This thesis is the first scholarly effort to comprehensively analyze, systematize and summarize the concept of personal identity in the fiction of Miguel de Unamuno, Spain’s prominent writer («Peace in War», «Love and Pedagogy», «Mist», «Abel Sánchez», «Aunt Tula», «Saint Emmanuel the Good, Martyr»). The interest is predetermined by the paradigmatic nature of his works to increase understanding of the spiritual processes of the modern world in general, and to construct both collective and individual identity through the written word in particular. A thorough study of a large number of historical, literary and critical works dedicated to the personality and creativity of the researched writer ultimately led to determining the main stages of development of Unamunean studies and helped define the gap in the literary-critical scholarly field pertaining all novels of M. de Unamuno – namely the issues of personal identity. Thus, we have conducted a historical and literary study of reception of M. de Unamuno’s oeuvre in Ukraine. The research has also systematized and summarized critical literature dedicated to the issue of identity in humanitarian studies in general, and literary criticism in particular.
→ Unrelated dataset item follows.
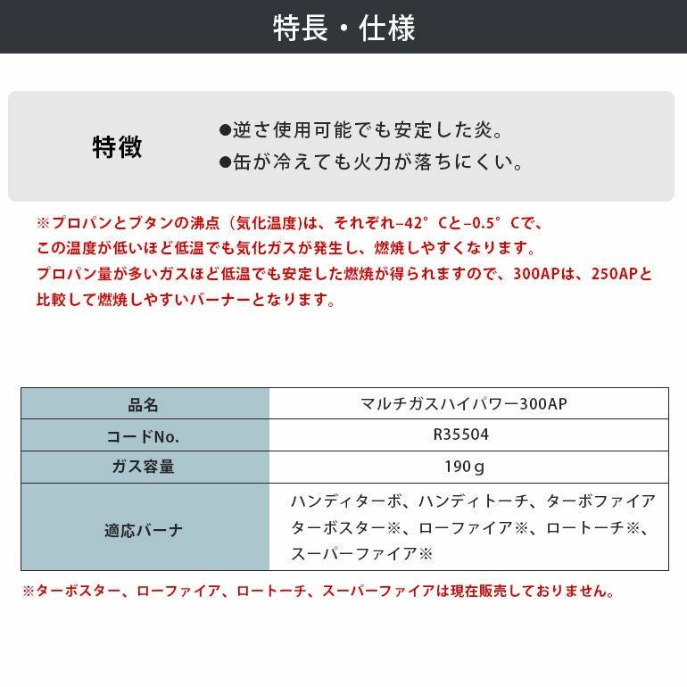 他の画像を見る ブタン50%プロパン50%の混合ガス。逆さ使用可能で自由自在。寒冷地でも安定した燃焼ができるのが特徴。 R35504 アサダ マルチガスハイパワー300AP 代引不可 ¥ 1,200 税込 在庫切れ 詳細を見る お気に入りに登録する

The research work focuses on the processes of self-identification of Unamuno’s characters through a community expressing a collective identity and serving as a stimulus and trigger for the creation of internal contradictions within individual characters resulting in a crisis of personal identity and an agonistic world perception. The latter is the main concept for Unamuno’s worldview, which is understood not as the last death throes, but as a struggle between two mutually exclusive elements. At the same time, the work does not study the notion of collective identity due to the fact that M. de Unamuno’s philosophical and fictional works were well-researched from this perspective by foreign and domestic researchers.
The author creates a variety of fictional situations that have great potential for understanding and interpreting personal identity. In his novels «Peace in War» and «Saint Emmanuel the Good, Martyr» it is important to specify the connections of personal and collective identity for the formation and building of the individual, that realizes itself in his/her assimilating to and complete absorbing by the community, or, vice versa, in his/her alienation/separation from the group. Thus, the writer highlights the importance of seeking internal peace through the obligatory presence of agony which assumes an indispensable background for identity construction. Unamuno’s novels concentrate on the identity crisis caused by blurred gender markers, where natural essence is confronted with stereotypical roles imposed by society on both sexes («Love and Pedagogy», «Mist» and «Aunt Tula»).
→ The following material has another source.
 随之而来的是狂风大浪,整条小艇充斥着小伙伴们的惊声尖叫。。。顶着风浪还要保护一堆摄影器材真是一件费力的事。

This dissertation investigates the novels of M. de Unamuno in terms of the strategy of preservation/blurring of identity, basic methods and techniques of memory which form the basis of individual personality, as well as the tradition of a collective personality. This process is disclosed in different ways throughout all novels, which provides the opportunity to trace how the processes of constructing, as well as preserving and representing personal identity take place through the issues of memory. The main ways have turned to be: the theory of the mnemonic actor, the active individual using memory as an instrument of his own self-affirmation; the techniques of oral and written identity fixation which involve methods of transferring individual memory via externalized memory media, temporal and spatial metaphors of memory.
The research pays special attention to the novel’s poetics as to artistically investigate the issue of personal identity. One of the focuses is on modelling identity via narrative, intertextuality, expressive means, silence and suppression, and spatial representations. The narrative in terms of organizing one’s knowledge about personal Ego has been distinguished, namely, where the theoretical construct of the author-narrator-character (according to Paul Rikoeur) is transformed into an interwoven mixture of reality and fiction. The effect of scattering the human Ego is related to the emergence of the polyphonic nature of the novel, which uses complex narrative models for revealing characters’ and author’s personalities. The ‘intertextuality’ concept in our research is treated as the strategy for constructing identities in the works of the Spanish classic writer under study, where the author-narrator and the characters consider their own ego projections as life patterns associated with certain literary characters, real writers and intellectuals representing the Spanish national tradition and representing other nations.